Just as every woman in today’s world should prepare herself for the possibility of eventually supporting a family, men should become good cooks for a family, if not his own survival.

Our boys are good cooks. They grew up at a time when they weren’t sure just who was cooking supper, Mom or Dad. At a time when Mom was busy putting the local paper together or was out getting pictures of a wreck just south of the bridge or covering the citizen of the year banquet, it was up to Dad to see that the family was fed. He said he learned to cook in self defense!

But whatever happened, he became the best. To this day we have never tasted barbecued salmon so delicious, a more flavorful roasted turkey or clam patties more spectacular.

And we will never forget the Christmas Day when the electricity failed and our Doug took over the duties of chef with a spectacular stir-fry cooked on the wood stove.

Our Jim relaxes while cooking supper and we recall a phone call: “Mom I’m making slumgullion for supper. Now do you use tomatoes or tomato sauce?” “Slumgullion” is a family word for macaroni and meat casserole and is Jim’s favorite recipe.

With Christmas approaching, memories warm the heart.

Among the memories is our grandmother’s kitchen. It had a big, black wood range, with water reservoir attached. It was the latest thing in water tanks. A tea kettle furnished tea water and sang continually. The little kitchen, dominated by the wood stove, had one white-curtained window looking out on Grandma’s garden … a row of red King apples on the sill.

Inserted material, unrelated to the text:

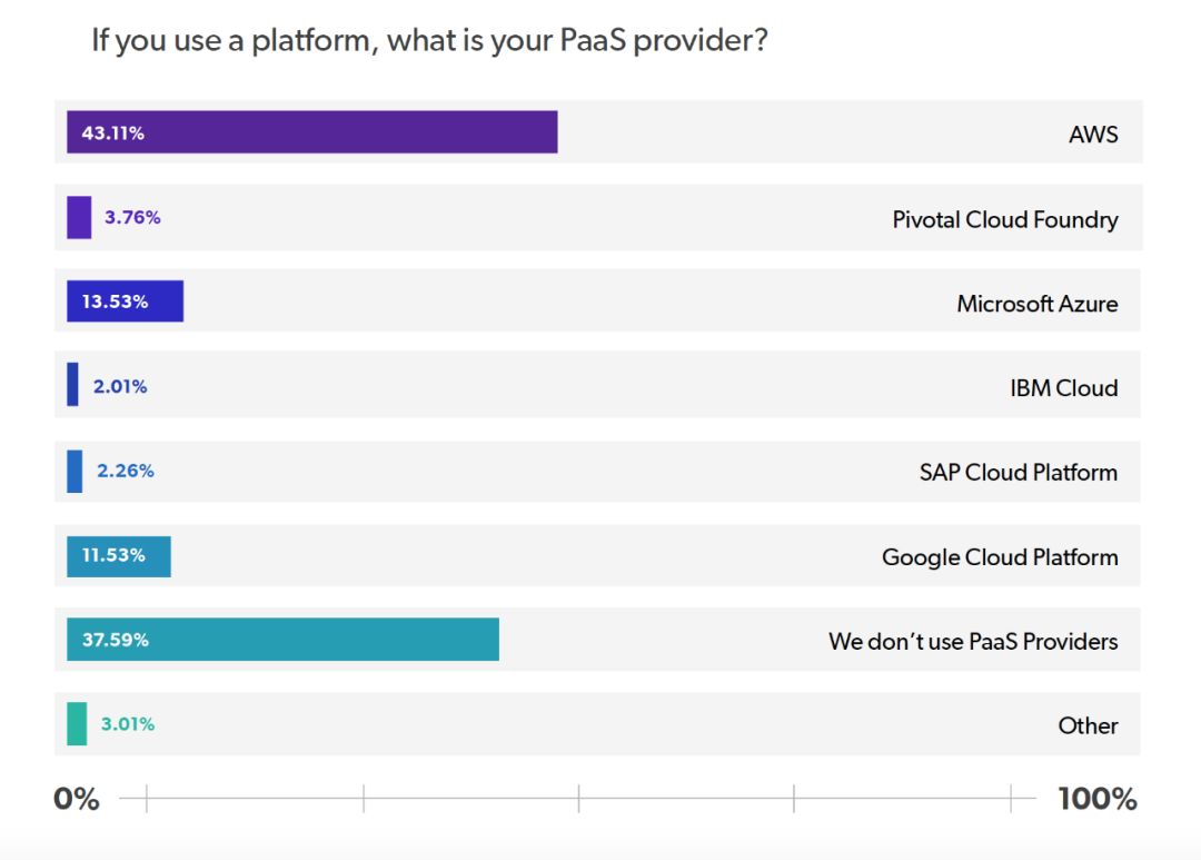 在这个问题中,我们要求受访者报告他们所选择的 PaaS 提供商。在使用 PaaS 提供商的 60% 受访者中,43% 选择 AWS,14% 选择 Microsoft Azure,12% 选择 Google Cloud Platform。选择较少的供应商包括 Pivotal Cloud Foundry,占 4%,SAP Cloud Platform 和 IBM Cloud 各占 2%。

Grandma’s rest period in the afternoon included smoking her little brown clay pipe and peeling a King apple.

Our grandmother was always “Minnie-my,” the Scottish term for grandmother, and it fit her perfectly. Why is it that Grandma’s cooking is always the best remembered? Done with a pinch of this, a dollop of molasses, a little flour, a little sugar and Grandma’s special touch. Her pie crust was always very pale, very flaky. She didn’t use a measuring cup, it was just know-how.

To this day, our pie crust never gets brown. We are still trying to emulate one of our childhood’s greatest cooks.

We came to the farm as a bride, with a job in town — a working wife. There weren’t many of those in the Great Depression when there was little work, little money and married teachers had to give up their jobs to the unmarried.

If you were married, your husband was there to support you. Everyone was poor but we took it in stride. There were lots of clams and fish, and people had big gardens. Living in town at the top of the hill, we rented the Ely farm, and our house was within the city limits.

We kept a cow, a pen of chickens and we made our butter and baked our bread. But in a farm kitchen we learned to cook under Grandma Neil.

Our own mother was a wonderful cook. With the holidays in mind, she raised turkeys the hard way, putting up turkey eggs under setting hens and reaping the rewards.

She baked angel food cakes which became a legend in Oak Harbor. She had a discerning and elite clientele who paid her $1.50 per cake: an unheard of price in the mid 1930s.